方法一
由于Spark中构造Dataframe 即使是数值类型的数据 也需要以String形式进行创建,
var data = Seq(
("0.1","0"),
("0.15","0"),
("0.8","1"),
("1.0","1")
).toDF("predict","label")
+-------+-----+
|predict|label|
+-------+-----+
| 0.1| 0|
| 0.15| 0|
| 0.8| 1|
| 1.0| 1|
+-------+-----+
方法二
val data = Array(("1", "2", "3", "4", "5"), ("6", "7", "8", "9", "10"))
val df = spark.createDataFrame(data).toDF("col1", "col2", "col3", "col4", "col5")

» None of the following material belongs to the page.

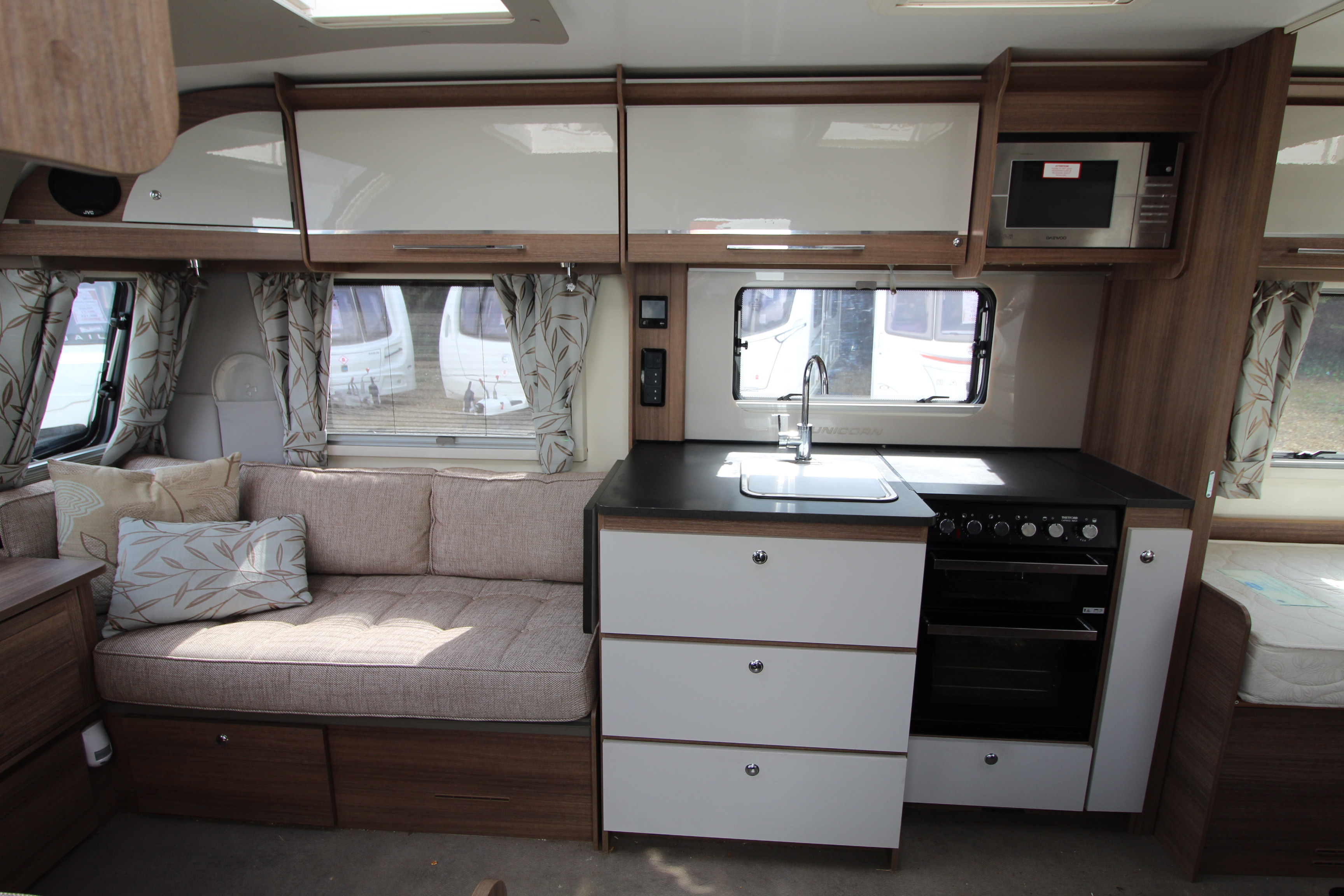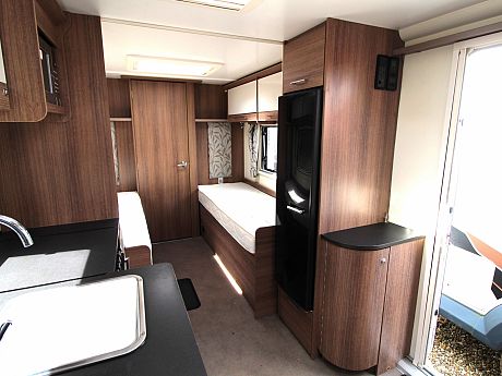 The well fitted kitchen is equipped with everything you need for a short weekend break or long touring adventures. The kitchen offers a hob, oven, grill, fridge and microwave

+----+----+----+----+----+
|col1|col2|col3|col4|col5|
+----+----+----+----+----+
| 1| 2| 3| 4| 5|
| 6| 7| 8| 9| 10|
+----+----+----+----+----+
方法三:根据数据写入 (方法二的升级版)
var b = Array[String]("a","b","c")
var c = Array[String]("1","10","100")
var result: ArrayBuffer[(String, String)] = ArrayBuffer[(String,String)]()
for(j <- 0 until b.size-1){
result += ((b(j), c(j)))
}
val df = spark.createDataFrame(result.toArray).toDF("name", "age")
df.show()